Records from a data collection
=-=-=-=-=

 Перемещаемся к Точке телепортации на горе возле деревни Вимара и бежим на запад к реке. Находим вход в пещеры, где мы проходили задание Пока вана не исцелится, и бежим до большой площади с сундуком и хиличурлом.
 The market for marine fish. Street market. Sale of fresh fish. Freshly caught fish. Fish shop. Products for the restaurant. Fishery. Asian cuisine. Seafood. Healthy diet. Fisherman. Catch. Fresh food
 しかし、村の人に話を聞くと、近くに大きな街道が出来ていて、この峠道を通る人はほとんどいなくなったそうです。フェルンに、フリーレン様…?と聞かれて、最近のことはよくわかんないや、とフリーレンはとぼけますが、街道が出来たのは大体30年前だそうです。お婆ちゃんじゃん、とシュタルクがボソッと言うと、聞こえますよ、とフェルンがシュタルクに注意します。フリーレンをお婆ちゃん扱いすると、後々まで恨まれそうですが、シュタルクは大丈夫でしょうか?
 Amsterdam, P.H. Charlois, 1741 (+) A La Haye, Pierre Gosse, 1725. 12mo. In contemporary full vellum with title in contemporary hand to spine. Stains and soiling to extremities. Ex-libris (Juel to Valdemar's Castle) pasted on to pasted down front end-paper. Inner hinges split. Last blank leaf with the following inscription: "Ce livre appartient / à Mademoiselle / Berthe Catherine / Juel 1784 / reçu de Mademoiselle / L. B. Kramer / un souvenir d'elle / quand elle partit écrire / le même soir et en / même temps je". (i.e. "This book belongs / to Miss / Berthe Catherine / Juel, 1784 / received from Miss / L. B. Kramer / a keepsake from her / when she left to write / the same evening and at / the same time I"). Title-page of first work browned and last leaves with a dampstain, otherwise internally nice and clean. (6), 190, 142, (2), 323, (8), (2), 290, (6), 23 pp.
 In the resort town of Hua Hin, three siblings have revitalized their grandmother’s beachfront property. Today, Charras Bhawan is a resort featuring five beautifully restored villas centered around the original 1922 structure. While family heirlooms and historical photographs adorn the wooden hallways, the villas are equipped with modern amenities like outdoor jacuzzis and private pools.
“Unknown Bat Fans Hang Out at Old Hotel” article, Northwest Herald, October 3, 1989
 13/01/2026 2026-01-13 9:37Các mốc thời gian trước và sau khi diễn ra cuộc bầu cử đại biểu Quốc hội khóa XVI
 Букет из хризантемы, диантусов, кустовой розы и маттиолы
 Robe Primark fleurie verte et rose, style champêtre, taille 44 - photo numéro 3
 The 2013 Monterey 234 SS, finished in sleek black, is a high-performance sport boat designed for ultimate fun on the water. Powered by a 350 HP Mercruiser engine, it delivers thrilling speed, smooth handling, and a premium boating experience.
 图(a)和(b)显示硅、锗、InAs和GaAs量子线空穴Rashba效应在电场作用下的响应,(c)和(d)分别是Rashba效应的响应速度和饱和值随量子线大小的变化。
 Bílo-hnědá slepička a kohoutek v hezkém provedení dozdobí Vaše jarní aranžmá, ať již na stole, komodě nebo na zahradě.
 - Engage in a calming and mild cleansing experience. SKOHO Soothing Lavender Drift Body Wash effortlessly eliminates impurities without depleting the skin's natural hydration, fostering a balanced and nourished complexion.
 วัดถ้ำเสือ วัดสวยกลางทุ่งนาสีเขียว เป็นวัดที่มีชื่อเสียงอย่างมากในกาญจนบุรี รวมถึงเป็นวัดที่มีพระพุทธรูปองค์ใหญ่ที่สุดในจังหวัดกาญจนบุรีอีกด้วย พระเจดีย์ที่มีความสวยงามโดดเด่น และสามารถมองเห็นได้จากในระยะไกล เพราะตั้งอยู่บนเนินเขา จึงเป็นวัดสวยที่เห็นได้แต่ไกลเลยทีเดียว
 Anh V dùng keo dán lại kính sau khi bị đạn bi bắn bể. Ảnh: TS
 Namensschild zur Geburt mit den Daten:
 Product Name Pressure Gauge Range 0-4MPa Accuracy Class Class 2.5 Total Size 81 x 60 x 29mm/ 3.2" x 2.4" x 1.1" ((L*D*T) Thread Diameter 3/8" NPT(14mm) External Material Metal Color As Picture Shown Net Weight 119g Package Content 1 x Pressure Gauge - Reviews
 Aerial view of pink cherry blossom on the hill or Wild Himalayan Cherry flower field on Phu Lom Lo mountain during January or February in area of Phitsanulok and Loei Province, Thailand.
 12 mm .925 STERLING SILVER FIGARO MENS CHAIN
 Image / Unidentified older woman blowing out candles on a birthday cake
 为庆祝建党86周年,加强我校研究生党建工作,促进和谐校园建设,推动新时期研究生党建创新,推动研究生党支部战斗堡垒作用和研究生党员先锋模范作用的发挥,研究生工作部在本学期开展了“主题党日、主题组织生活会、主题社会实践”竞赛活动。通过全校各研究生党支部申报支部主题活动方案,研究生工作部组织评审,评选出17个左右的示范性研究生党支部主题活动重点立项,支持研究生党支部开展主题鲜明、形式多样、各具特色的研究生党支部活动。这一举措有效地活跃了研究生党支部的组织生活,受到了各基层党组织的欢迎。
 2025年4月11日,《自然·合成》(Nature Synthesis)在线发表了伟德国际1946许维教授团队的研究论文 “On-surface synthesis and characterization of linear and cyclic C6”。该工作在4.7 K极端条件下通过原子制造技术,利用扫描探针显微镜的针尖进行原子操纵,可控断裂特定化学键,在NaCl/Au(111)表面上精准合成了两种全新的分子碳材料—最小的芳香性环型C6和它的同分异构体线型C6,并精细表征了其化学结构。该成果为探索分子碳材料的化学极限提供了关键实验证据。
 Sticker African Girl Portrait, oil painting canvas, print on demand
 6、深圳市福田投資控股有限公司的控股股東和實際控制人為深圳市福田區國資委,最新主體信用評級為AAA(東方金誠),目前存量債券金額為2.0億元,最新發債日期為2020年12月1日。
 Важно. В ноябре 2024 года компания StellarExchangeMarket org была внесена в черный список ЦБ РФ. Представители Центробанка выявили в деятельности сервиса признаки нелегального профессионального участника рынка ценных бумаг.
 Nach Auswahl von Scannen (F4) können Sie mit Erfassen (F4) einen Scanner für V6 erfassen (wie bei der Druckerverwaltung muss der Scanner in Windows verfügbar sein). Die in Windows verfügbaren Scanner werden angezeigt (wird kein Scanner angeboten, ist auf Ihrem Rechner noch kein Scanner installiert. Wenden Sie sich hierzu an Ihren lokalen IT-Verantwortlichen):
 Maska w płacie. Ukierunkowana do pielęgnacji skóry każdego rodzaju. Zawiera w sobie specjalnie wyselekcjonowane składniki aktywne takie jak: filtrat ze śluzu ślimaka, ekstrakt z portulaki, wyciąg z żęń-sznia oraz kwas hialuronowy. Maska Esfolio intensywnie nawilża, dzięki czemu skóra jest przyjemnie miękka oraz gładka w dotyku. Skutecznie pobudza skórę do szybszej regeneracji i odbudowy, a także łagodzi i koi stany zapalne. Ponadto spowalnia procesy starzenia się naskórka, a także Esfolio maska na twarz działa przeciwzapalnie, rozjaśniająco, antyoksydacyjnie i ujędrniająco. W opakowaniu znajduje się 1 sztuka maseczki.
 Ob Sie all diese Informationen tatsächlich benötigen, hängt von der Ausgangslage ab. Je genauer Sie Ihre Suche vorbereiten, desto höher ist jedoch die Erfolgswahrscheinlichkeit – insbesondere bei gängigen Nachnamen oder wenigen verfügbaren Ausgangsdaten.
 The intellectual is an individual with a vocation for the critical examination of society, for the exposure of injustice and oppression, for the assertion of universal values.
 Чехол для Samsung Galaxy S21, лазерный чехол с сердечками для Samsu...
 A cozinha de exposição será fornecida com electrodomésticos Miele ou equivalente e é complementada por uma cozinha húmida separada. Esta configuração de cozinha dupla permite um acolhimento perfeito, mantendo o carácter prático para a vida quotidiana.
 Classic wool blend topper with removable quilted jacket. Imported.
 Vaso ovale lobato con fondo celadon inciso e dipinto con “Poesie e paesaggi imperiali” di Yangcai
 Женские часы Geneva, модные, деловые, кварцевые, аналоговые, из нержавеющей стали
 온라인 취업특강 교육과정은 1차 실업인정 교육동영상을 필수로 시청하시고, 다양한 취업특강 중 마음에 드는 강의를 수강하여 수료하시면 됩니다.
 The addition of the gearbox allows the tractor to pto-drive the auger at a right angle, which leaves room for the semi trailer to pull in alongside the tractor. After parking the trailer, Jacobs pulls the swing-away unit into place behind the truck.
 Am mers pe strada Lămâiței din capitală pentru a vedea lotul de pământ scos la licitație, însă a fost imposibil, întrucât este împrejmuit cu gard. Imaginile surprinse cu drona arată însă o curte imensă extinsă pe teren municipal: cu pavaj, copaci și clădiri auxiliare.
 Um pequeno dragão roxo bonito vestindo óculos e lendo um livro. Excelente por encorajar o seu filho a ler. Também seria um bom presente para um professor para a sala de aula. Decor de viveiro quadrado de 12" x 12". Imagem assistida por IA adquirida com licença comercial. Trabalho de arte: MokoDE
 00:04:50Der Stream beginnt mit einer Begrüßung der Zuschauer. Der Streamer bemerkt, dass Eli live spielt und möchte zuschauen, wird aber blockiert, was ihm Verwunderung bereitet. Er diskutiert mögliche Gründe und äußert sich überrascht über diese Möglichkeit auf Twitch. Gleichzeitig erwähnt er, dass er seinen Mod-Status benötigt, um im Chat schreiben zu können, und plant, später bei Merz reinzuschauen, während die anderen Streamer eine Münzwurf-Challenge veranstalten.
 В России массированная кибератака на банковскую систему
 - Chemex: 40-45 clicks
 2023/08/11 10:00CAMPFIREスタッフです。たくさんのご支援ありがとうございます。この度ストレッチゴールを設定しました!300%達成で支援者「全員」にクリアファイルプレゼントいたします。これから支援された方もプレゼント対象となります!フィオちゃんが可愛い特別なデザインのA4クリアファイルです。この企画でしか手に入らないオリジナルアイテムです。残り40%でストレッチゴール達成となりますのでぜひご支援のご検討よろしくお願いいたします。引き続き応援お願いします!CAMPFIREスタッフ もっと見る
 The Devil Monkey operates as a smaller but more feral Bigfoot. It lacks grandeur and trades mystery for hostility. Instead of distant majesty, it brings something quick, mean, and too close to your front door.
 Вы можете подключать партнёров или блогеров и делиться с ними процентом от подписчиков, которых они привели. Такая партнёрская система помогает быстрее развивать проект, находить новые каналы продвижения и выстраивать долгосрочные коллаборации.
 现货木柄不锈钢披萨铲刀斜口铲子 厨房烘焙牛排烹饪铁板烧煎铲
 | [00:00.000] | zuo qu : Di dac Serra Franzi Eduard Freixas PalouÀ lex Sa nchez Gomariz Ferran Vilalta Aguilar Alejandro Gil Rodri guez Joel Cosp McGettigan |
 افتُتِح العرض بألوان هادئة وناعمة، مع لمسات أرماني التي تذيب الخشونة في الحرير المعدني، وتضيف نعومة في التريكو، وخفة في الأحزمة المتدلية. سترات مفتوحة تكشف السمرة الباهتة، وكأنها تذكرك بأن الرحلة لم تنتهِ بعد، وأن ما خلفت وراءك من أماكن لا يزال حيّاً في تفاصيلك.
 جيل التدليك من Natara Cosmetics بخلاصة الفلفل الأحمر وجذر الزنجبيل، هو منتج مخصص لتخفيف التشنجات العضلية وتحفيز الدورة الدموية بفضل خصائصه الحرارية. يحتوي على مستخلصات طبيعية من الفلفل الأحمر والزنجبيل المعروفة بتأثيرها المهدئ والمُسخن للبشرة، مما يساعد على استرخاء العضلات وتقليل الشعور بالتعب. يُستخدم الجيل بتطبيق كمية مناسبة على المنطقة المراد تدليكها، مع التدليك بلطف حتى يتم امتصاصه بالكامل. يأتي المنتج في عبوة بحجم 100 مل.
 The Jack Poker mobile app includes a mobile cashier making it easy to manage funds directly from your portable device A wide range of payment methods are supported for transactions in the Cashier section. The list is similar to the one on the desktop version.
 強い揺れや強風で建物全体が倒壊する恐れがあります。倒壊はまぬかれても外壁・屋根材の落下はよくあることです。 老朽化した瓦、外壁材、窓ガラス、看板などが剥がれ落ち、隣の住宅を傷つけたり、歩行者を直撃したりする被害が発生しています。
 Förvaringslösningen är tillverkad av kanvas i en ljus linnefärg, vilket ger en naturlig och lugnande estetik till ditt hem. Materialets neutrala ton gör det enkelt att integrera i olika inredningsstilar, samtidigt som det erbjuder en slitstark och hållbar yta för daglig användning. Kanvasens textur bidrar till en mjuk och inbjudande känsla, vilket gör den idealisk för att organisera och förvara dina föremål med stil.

=-=-=-=-=

◆ **ASSIGNMENT**: The first line of the entries above and every line after it, up to and including the line with "Robe Primark fleurie", should be set down exactly.

◆ **RESULT OF THE TASK**:
 Перемещаемся к Точке телепортации на горе возле деревни Вимара и бежим на запад к реке. Находим вход в пещеры, где мы проходили задание Пока вана не исцелится, и бежим до большой площади с сундуком и хиличурлом.
 The market for marine fish. Street market. Sale of fresh fish. Freshly caught fish. Fish shop. Products for the restaurant. Fishery. Asian cuisine. Seafood. Healthy diet. Fisherman. Catch. Fresh food
 しかし、村の人に話を聞くと、近くに大きな街道が出来ていて、この峠道を通る人はほとんどいなくなったそうです。フェルンに、フリーレン様…?と聞かれて、最近のことはよくわかんないや、とフリーレンはとぼけますが、街道が出来たのは大体30年前だそうです。お婆ちゃんじゃん、とシュタルクがボソッと言うと、聞こえますよ、とフェルンがシュタルクに注意します。フリーレンをお婆ちゃん扱いすると、後々まで恨まれそうですが、シュタルクは大丈夫でしょうか?
 Amsterdam, P.H. Charlois, 1741 (+) A La Haye, Pierre Gosse, 1725. 12mo. In contemporary full vellum with title in contemporary hand to spine. Stains and soiling to extremities. Ex-libris (Juel to Valdemar's Castle) pasted on to pasted down front end-paper. Inner hinges split. Last blank leaf with the following inscription: "Ce livre appartient / à Mademoiselle / Berthe Catherine / Juel 1784 / reçu de Mademoiselle / L. B. Kramer / un souvenir d'elle / quand elle partit écrire / le même soir et en / même temps je". (i.e. "This book belongs / to Miss / Berthe Catherine / Juel, 1784 / received from Miss / L. B. Kramer / a keepsake from her / when she left to write / the same evening and at / the same time I"). Title-page of first work browned and last leaves with a dampstain, otherwise internally nice and clean. (6), 190, 142, (2), 323, (8), (2), 290, (6), 23 pp.
 In the resort town of Hua Hin, three siblings have revitalized their grandmother’s beachfront property. Today, Charras Bhawan is a resort featuring five beautifully restored villas centered around the original 1922 structure. While family heirlooms and historical photographs adorn the wooden hallways, the villas are equipped with modern amenities like outdoor jacuzzis and private pools.
“Unknown Bat Fans Hang Out at Old Hotel” article, Northwest Herald, October 3, 1989
 13/01/2026 2026-01-13 9:37Các mốc thời gian trước và sau khi diễn ra cuộc bầu cử đại biểu Quốc hội khóa XVI
 Букет из хризантемы, диантусов, кустовой розы и маттиолы
 Robe Primark fleurie verte et rose, style champêtre, taille 44 - photo numéro 3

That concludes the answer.